Выбрать главу

Но антропный принцип ставит этот процесс под сомнение – личные критерии того, что именно составляет «расположенность к жизни» у Вселенной, вносят в физику субъективный элемент, который подрывает попперовский механизм фальсификации. Ваша антропная точка зрения может соответствовать одному лоскутку мультивселенной, с одним набором законов, а мои антропные симпатии могут подходить к совсем другому ее уголку, где система законов другая и нет никаких объективных критериев, по которым можно было бы определить, кто прав.

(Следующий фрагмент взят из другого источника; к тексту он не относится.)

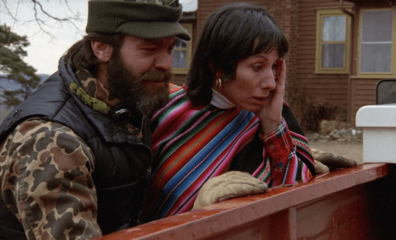 New-age expressionist painter, Cathy (Helen Benton), lives in the remote wilds of Wisconsin with her classical music-loving and bow-hunting beau, Gary (Terry Brown). While she toils away into the wee hours painting mystical scenes of vivid color from some deep place in her soul, he rises early to hunt deer, chop firewood, and feel nature upon his face. On the surface they seem to be opposite personalities, but they’re deep in the domestic bliss of a long-term relationship. One would think, then, that Helen would be well-accustomed to observing the grisly products of Gary’s hunting hobby, but on this particular morning, she is horrified by the sight of a dead deer in the back of his pickup truck.

Все это очень непохоже на дарвиновскую эволюцию, которая всяческими хитроумными способами избегает чего-то хоть отдаленно напоминающего аналог антропного мышления в применении к биологии. Существует ли вообще внеземная жизнь, не говоря уж о том, как она развивается, для теории Дарвина не играет никакой роли. Не оставляет дарвинизм никакой щелочки и для выделения какого-либо одного вида, будь это Panthera leo, Homo Sapiens или еще кто-то, в привилегированное положение в биологическом мире. Наоборот, дарвинизм уходит корнями в наши отношения с остальным миром живого. Он ставит на первый план взаимосвязь всего со всем. Одно из великих прозрений Дарвина заключалось в том, что Homo Sapiens развивался совместно со всем остальным миром живого. «Мы должны признать, как мне кажется, что человек со всеми его благородными свойствами… по-прежнему несет в своем телесном строении неизгладимую печать его низкого происхождения», – писал он в «Происхождении человека». Как же глубоко отличается этот подход от картеровского антропного принципа в космологии, действующего вне естественной эволюции Вселенной, как будто бы он был каким-то чужеродным дополнением к ней!

В попперовском смысле, если говорить о фальсификации, антропная мультивселенная почти не отличается от космологического учения, развитого в XVII веке немецким энциклопедистом Готфридом Лейбницем. В своем труде «Монадология» Лейбниц предполагает, что существует бесконечно много вселенных, каждая со своим пространством, временем и материей, и что мы живем в лучшем из всех возможных миров, избранном для нас Богом в Его бесконечной благости.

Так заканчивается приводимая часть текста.